When specifying the custom metadata, you need to use the correct field names for the custom variables, and provide the correct number of labels, listed in the same order that they are defined within the query. As long as the custom argument correctly describes the structure of the variables you have used in your results, fetch_table should do the right thing. But it is up to you to ensure you have described the missing metadata correctly. You should verify that the labels in your results are aligned with the correct data by comparing your query results with the results of an equivalent query shown in the web interface.

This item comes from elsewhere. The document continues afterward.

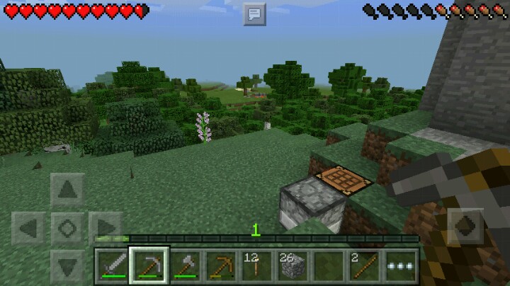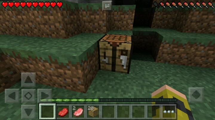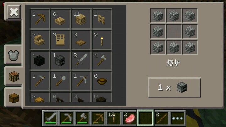 看见了山到那里去发展还可以有多一点的资源(呵呵呵。我要去当山大王)把挖来的木头做成工作台(四个木头做成的)挖煤挖石头。。基本装备图四

Please note that this is currently an experimental feature.

API Issues

Every now and again the Stat-Xplore API fails to respond to a request that it normally returns correctly. This results in a timeout with the error message Could not connect to Stat-Xplore: the server may be down. This appears to be an issue with the server itself: waiting and trying again later normally resolves this issue. I have reported the problem to the Stat-Xplore team.